5 - Der zweite Kuss

2 1 0
                                    

Wir waren schon fast zu Hause, als Frank plötzlich überrascht aufschreckte. „Ach, das habe ich total vergessen." Ich schaute ihn verwirrt an. Was meinte er damit? Verschwörerisch lächelnd sah er mich an. „Wir beide müssen noch eben etwas erledigen, bevor wir uns zu Hause sehen lassen können." Freundlich zwinkerte er mir zu und bog an der nächsten Ampel in Richtung Einkaufszentrum ab. Was wollte Frank dort nur?

Diese Frage quälte mich, bis Franks Stimme mich von meinen Gedanken befreite. „So, da sind wir ja schon." Ich sah aus dem Fenster und erblickte eine Menschenmenge, die sich in das Einkaufszentrum stürzte. Warum hatten es die Menschen nur immer so eilig? „Ja, ich weiß, es ist viel los im Moment. Aber keine Angst, es wird dir trotzdem gefallen." Und wieder zwinkerte Frank mir verschwörerisch zu. Was hatte er nur vor?

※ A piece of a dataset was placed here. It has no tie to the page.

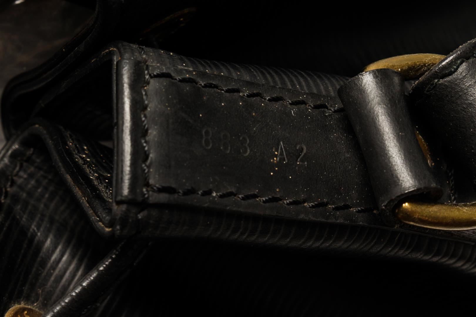 One Louis Vuitton Black Epi Leather Noe Bucket Bag. Item is sold AS-IS. All available information is listed in the description and shown in the photo. Louis Vuitton Black Epi Leather Noe Bucket Bag with gold-tone hardware, leather trim, black suede lining, single adjustable black leather shoulder strap, and drawstring closure. .

Als wir das riesige Einkaufszentrum betraten, wurden wir sofort von den Gerüchen köstlicher Speisen überwältigt. Mein Magen machte sich mit voller Kraft bemerkbar und erinnerte mich daran, dass ich noch nichts zum Mittagessen bekommen hatte. Lachend zog mich Frank zu einem der Imbissstände und bestellte für uns beide Hotdogs. Nachdem wir sie verschlungen hatten, rückte Frank endlich mit dem eigentlichen Grund unseres Aufenthalts heraus.

„Ich denke, da du jetzt eine neue Schule besuchst, brauchst du auch neue Schulsachen", sagte er. Ich schaute ihn verwundert an. Warum wollte er jetzt auch noch Geld für neue Schulsachen für mich ausgeben? Er hatte doch schon so viel für mich getan. „Frank, ich finde es nett, dass du fragst, aber..."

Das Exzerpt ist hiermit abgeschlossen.